Наступила длинная пауза. Мужики угрюмо молчали, переминаясь с ноги на ногу. Евтроп смущенно перебирал в руках свой олений треух и не двигался.

– Так уже, видно, тово… – заговорил поп Савелий, разглаживая бородку. – После обедни, значит… Главное: народ ждет. Сейчас к обедне будут благовестить, а после обедни и поедем. До кордона не меньше десяти верст будет.

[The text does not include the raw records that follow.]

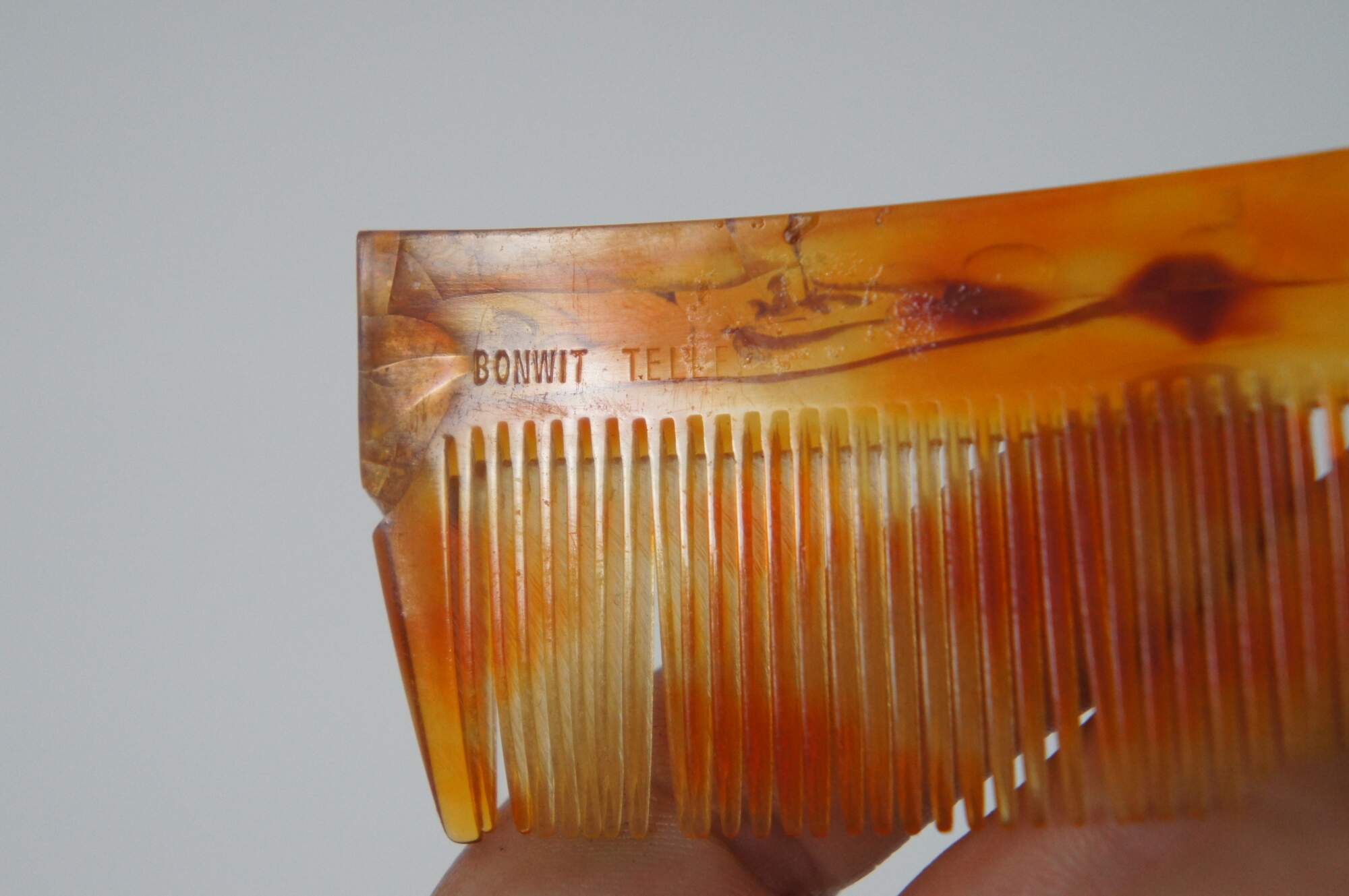 Set of five vintage and antique celluloid combs including one Ivry Pyralin, one matching but unmarked, one green and black with hand painted flowers, one transparent Gemlite with floral brass handle, and one Bonwit Teller faux tortoiseshell with the pieces of the original case decorated with bees.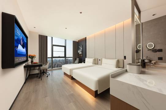 房间干净卫生整洁舒适,无需插卡取电,全部智控可以叫小度帮忙开关设备。前台夜班的小姑娘服务很好,有问题都及时帮忙解决。因为到店时很晚了,没想到有帮忙升级房间,早晨打开窗帘的瞬间景色好美,也算一个小惊喜吧。停车也很方便,下次还会考虑再次入住。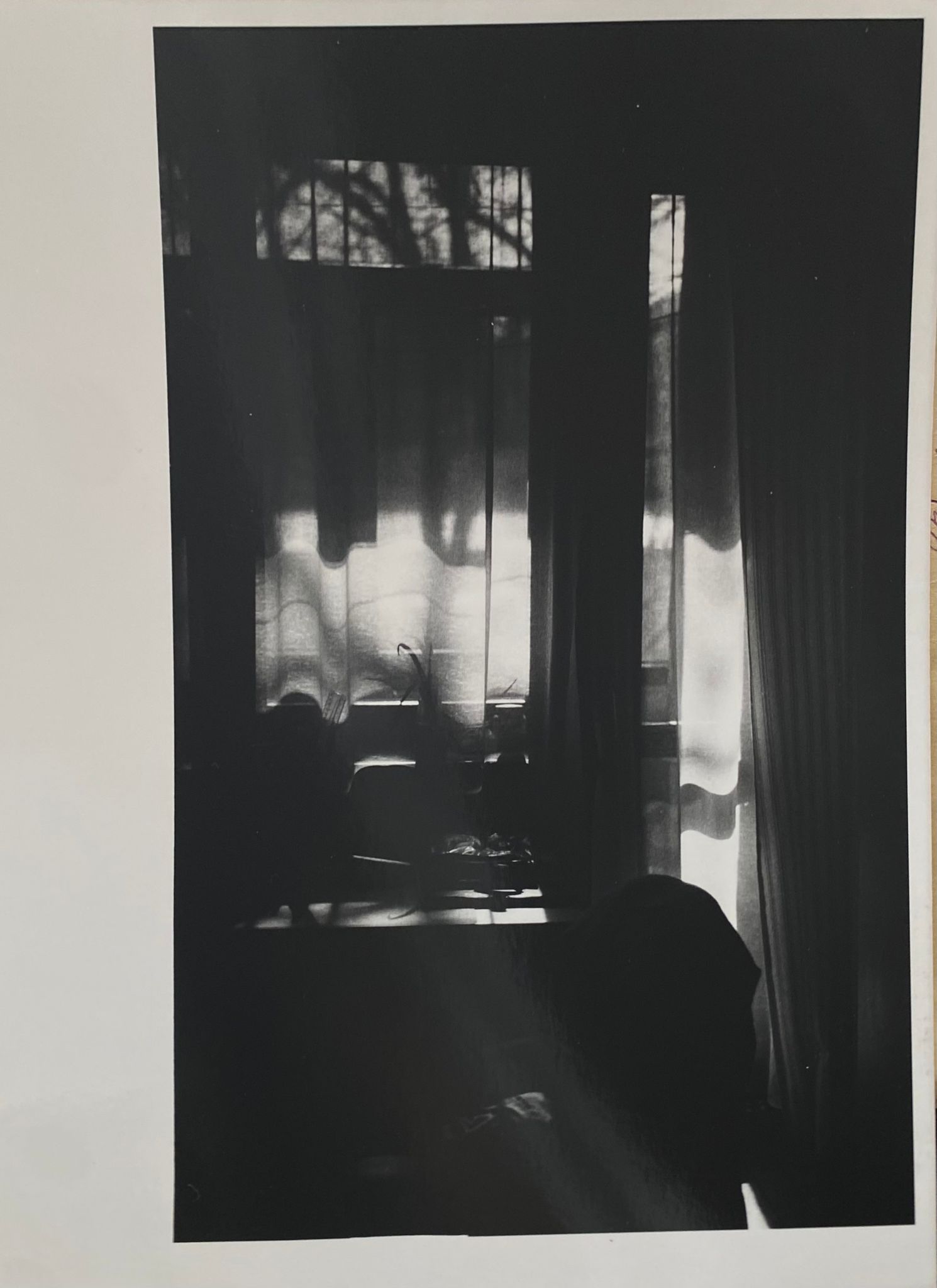 While light was my central theme, my work also touched on ideas of reflection, symmetry, and the passage of time. I was drawn to moments where light revealed something hidden—a fleeting expression, a pattern on a wall, or the delicate shadow of a flower. I experimented with double exposures, negative prints, and collage, always looking for new ways to express the duality of light and dark.

Поп сделал знак старшему трапезнику, чтобы тот шел на колокольню. Это движение испугало Евтропа. Он схватил попа Савелья за широкий рукав рясы и проговорил хриплым шепотом:

– Живые-то подождут, поп, а Парасковья помирает… ждет она…

Тут произошло что-то особенное. Старик трапезник пошел по левой бабьей стороне и точно завяз. Его не пускали ни взад ни вперед. Бабы окружили его живой стеной, как овцы. Старик пробовал раздвинуть толпу, размахивал руками, уговаривал, но все было напрасно.

– Да вы очумели, никак! – вступился староста, пробиваясь на выручку застрявшему трапезнику.

– А не твое дело! – отрезала ему ближайшая бабенка, отталкивая руками. – Попробовал бы сам бабью-то му́ку принять…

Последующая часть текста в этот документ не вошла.